Many researchers are interested in observable teacher practices; several research projects have informed professional development materials used in schools and for courses. For example, Duran, Ballone-Duran, Haney, and Beltyukova [47] reported an inquiry-based teacher education project for early childhood education: Active Science Teaching Encourages Reform (ASTER). Zhang et al. [48] developed a Problem-Based Learning (PBL) collaborative action research model focusing on science talks in kindergarten classrooms. Building on the research of Zhang et al. [48], who investigated how to use science talks to promote student learning, in-service kindergarten teachers emphasized three areas through which modeling occurs: a collaborative learning community, the guidance of facilitators, and video analysis. Kenny [43] formed triadic partnerships, consisting of a final year pre-service primary teacher and an in-service colleague, to teach science in the colleague teacher’s classroom with a teacher educator’s support. This article documents that pedagogical knowledge is enhanced with sustained guided and mentored practice in teaching settings. In addition, the work of Goebel, Umoja, and DeHaan [49] serves as a confirmation of the emerging view that, next to field experiences, partnerships between members of the scientific and elementary school communities promote reform, as science partners bring explicit scientific knowledge, enthusiasm, and a sense of the importance of the subject. Schollaert [50] argues that constructivist approaches to teaching and learning dramatically alter how teachers install subject knowledge in their learners; however, their role is also to turn them into better learners and learners for life. Apart from subject experts, teachers also need to be experts in learning. They can only achieve the latter if they are expert learners themselves. Not only should they convey content knowledge and explain to their students how to learn, but they should also be able to demonstrate how learning works in rather generic terms. In other words, teachers should be role models concerning both subject-specific and pedagogical knowledge; likewise, they attempt to teach what they preach.

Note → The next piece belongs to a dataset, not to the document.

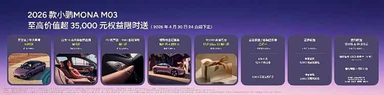 凭借更精致的设计、更越级的配置、更智能的体验,2026 款小鹏 MONA M03 再次刷新了 A 级纯电轿车的价值标杆。未来,小鹏汽车将继续坚持以用户需求为中心,用持续的技术创新与产品迭代,让更多年轻人轻松拥有高品质、高智能的纯电出行生活,让科技真正走进日常、普惠大众。

It seems that the value of ER has been established to a greater extent among pre-service early childhood teachers, with the majority of the reports suggesting STEM courses should be included in undergraduate education programs. Researchers believe that preschool children have an innate curiosity to engage with STEM concepts, and there are creative ways to teach children to read, write, and develop mathematics, coding, and programming skills [51,52,53]. Innovative approaches for practical undergraduate training should be applied to strengthen teachers’ beliefs towards STEM and maximize their aspiration to incorporate STEM concepts and educational technologies into classrooms [5,28]. Given that ER activities encourage creativity and collaboration among classmates, students’ long-term interest in STEM could be enhanced by focusing on pre-service teachers’ knowledge and attitudes towards the implementation of ER activities in order to effectively prepare their teaching capabilities to function in a technology-enhanced learning environment [5,46].

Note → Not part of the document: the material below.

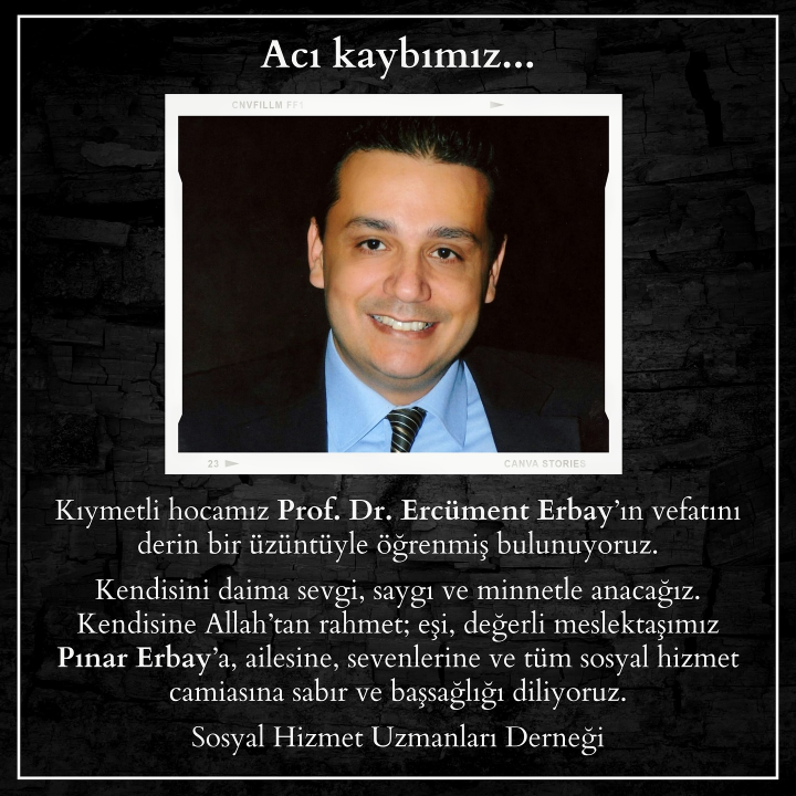 Prof. Dr. Ercüment Erbay’ın ani ölümü, sosyal hizmet camiasında büyük bir yankı uyandırdı. Sosyal Hizmet Uzmanları Derneği, resmi sosyal medya hesabından yaptığı paylaşımda şu ifadelere yer verdi:

4. Scope and Research Questions

The above literature review and the findings indicate that educational robotics’ value has already been acknowledged among preschool educators. In addition, the willingness to foster such STEM education is not guaranteed, with a hesitance or resistance still existing towards ER. There has been considerable research conducted to understand this worldwide issue of renovating the educational process, and the scope of the present work contributes to this international endeavor. Pre-service and in-service early childhood teachers have shown similar comportments on ER, and the research interest is focused on this. It is crucial to understand the attitudes and reasoning that guide teachers’ positions toward ER use. It seems that there is a transitional period of adoption, where positive acknowledgments coexist with counteracting negative attitudes that make teachers reluctant or negatively dispositioned toward the introduction of ER in early childhood education. Given the multiplicity of factors involved, it is appropriate to also consider methodological issues. The present research’s novel contribution is also the implementation of a psychometric method, Latent Class Analysis (LCA), from which attitudinal profiles of the participants can be extracted. Thus, based on LCA, the following research questions are posited:

• Can distinct clusters (profiles) be extracted based on participants’ responses to the items capturing teachers’ beliefs relevant to ER?
• Do these clusters correspond to attitudinal profiles of teachers, which are interpretable within the theoretical framework fostered?
• Are the ensuing latent profiles coherent or homogeneous in terms of responses? Or are the responses consistent across items?
• Are the ensuing profiles associated with several individual differences, such as gender, age, knowledge of STEM and ER, degree, and other demographic variables?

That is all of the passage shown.